Reproduce exactly only the lines from the line that holds "Size 18 Electric" to the line that holds "11月28日,葡萄牙队球员克·罗纳尔多(后)被乌拉圭队球员马蒂亚斯·奥利韦拉犯规后。新华社记者 曹灿 摄", inclusive, in the listing below, and please leave out every picture.

The records:

►

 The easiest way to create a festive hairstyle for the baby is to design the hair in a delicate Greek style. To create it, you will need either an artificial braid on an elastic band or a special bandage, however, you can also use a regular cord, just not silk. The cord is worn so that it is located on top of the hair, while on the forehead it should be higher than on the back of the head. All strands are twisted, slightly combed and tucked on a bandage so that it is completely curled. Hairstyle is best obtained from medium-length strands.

◄
►

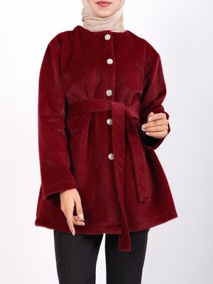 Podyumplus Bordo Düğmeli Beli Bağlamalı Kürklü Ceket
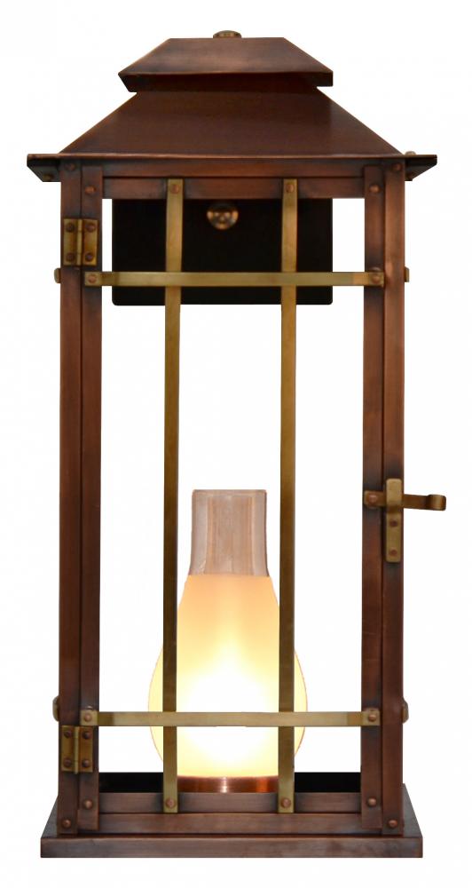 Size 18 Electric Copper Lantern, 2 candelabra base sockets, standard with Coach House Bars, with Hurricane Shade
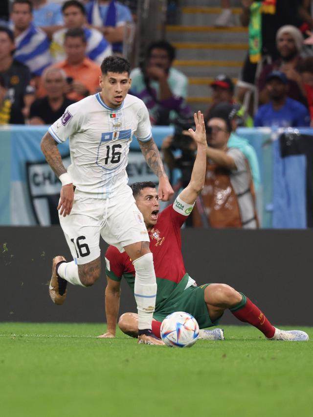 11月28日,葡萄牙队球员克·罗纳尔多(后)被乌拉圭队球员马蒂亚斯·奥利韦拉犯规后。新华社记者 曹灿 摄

◄

Response area:
 Size 18 Electric Copper Lantern, 2 candelabra base sockets, standard with Coach House Bars, with Hurricane Shade
 11月28日,葡萄牙队球员克·罗纳尔多(后)被乌拉圭队球员马蒂亚斯·奥利韦拉犯规后。新华社记者 曹灿 摄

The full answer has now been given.